If you are vulnerable and need to make alternate arrangements because you or someone you live with has health or other issues that put you at higher risk, please reach out and make alternate arrangements with me as soon as possible. I don't need to know any details, just that you deem your situation to be high risk and would like alternate arrangements.
College policy is that masks must be worn at all times in classrooms, so please make sure that you practice correct and consistent mask use during class. If you're not entirely sure what this entails, I'd be happy to help clarify.
Due to the limited effectiveness of cloth face-coverings in limiting the spread of recent variants of COVID-19, and despite the fact that College policy may not require it, I'd like to ask that everyone wear N95, KN95, or equivalent respirators during in-person instruction. A mask of this sort can be provided for you to use if needed. They may be reused multiple times; please look up guidance on that. Wearing a cloth mask over a disposable surgical mask is another allowed option.
Recent College communications have said that masks may be lowered when speaking in class. However, due to the safety issues involved, I need to ask that you not do that.
We will decide on class-specific rules to determine whether masks may be lowered briefly to drink or not, based on the most conservative level of comfort in the room. If you have any concerns about any of this, or questions about what was decided, please let me know. Class policy may be adjusted accordingly after the initial decision, but only in a more conservative direction. You may submit anonymous comments through the anonymous course feedback area on Moodle (and, of course, I won't retaliate or reveal your identity to anyone even if you tell me your concerns directly).
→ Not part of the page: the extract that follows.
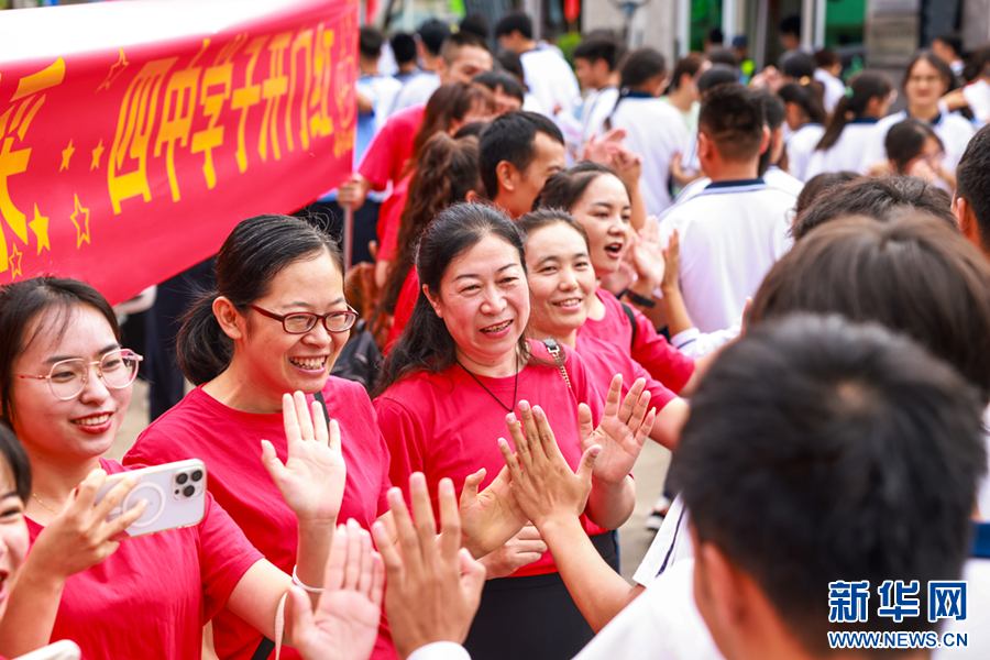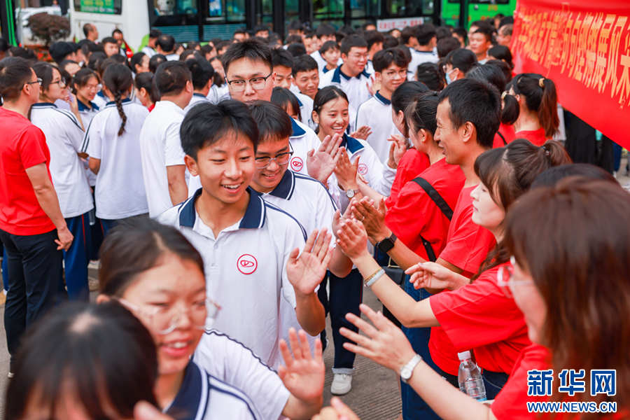 在云南省开远市考点,参加2024年高考的考生们与送考老师击掌(6月7日摄)。新华网发(陶家淇 摄)

The College is not requiring or recommending any sort of physical distancing. However, in the interest of everyone's safety, I would like to ask that an effort be made. Please try to space your seating away from others as possible, and try to maintain reasonable distance from others.
I plan to "live-stream" every class meeting by having a computer logged in to Gather. This allows for hybrid instruction whenever needed, for example if someone is not able to physically come to class (e.g., if you are required to quarantine or isolate; see also illness sections below).
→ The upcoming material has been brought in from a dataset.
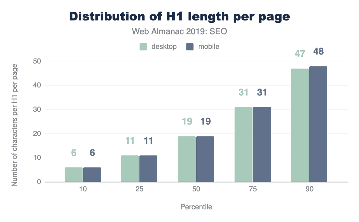 In terms of specific heading length, the median length of the first H1 element found on desktop is 19 characters.
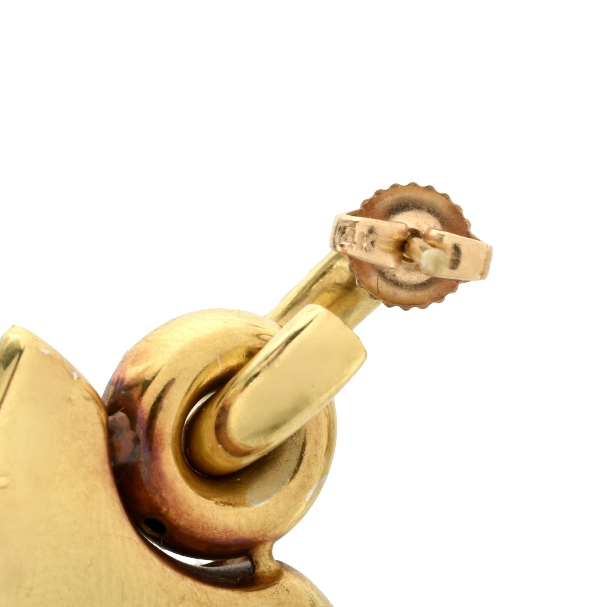 Vintage Modern Design 18 Karat Yellow and White Gold Pendant Hoop Earrings. Measure 1-7/8" L, 3/4" W. Approx. total weight: 15.81 grams. Kodner Galleries offers phone and absentee bidding at a low, flat 21% buyerís premium without surcharge or hidden fees. For information, please contact the gallery at info@kodner.com or 954.925.2550 Condition: Small ding to one otherwise good vintage condition. For additional information and/or WhatsApp video please contact our resident GIA Graduate Gemologist, Russ Kodner at 954.650.5030 Estimate: $400.00 - $500.00 Domestic Shipping: $40.00

I would also like to record every class, because there may be days when some of you are not able to attend at all, even online, and will want to use the recording to review the material. We will discuss on the first day whether everyone is okay with this.
If we do decide to record classes, then these recordings may not be shared with anyone outside of this class!
Social time. The course meeting platform should allow students to join any time, even when I am not present. I encourage everyone to arrive a few minutes early if possible to just hang out and get to know your classmates better. Furthermore, the meeting is recurring (meaning we'll use the same link for all our meetings this semester), so you may use the meeting any time outside of class time as well, e.g. to discuss assignments with one another or similar.
At the end of each class, I will also wait to leave the meeting until everyone else has left. This is to encourage you to stick around if there's anything you'd like to talk about.
Communication during class. During online instruction, the Gather chat will be available for use during class. We may leverage it for certain purposes, but I don't expect most of our interactions to take place through that modality. If you'd like to speak and can't find a moment to interject into whatever is going on, please raise your hand physically so that I can see in the video, or use the Gather hand-raising feature. I may not notice either, so you may also simply interrupt if needed. There will probably be a lot of awkwardness around these issues, and that's okay.
Engagement. I expect everyone to engage with the course (see "Engagement" below), but I recognise that engagement will look different for every student. This applies regardless of modality, although the range of what engagement will look like will depend on modality. See also the section on course etiquette above.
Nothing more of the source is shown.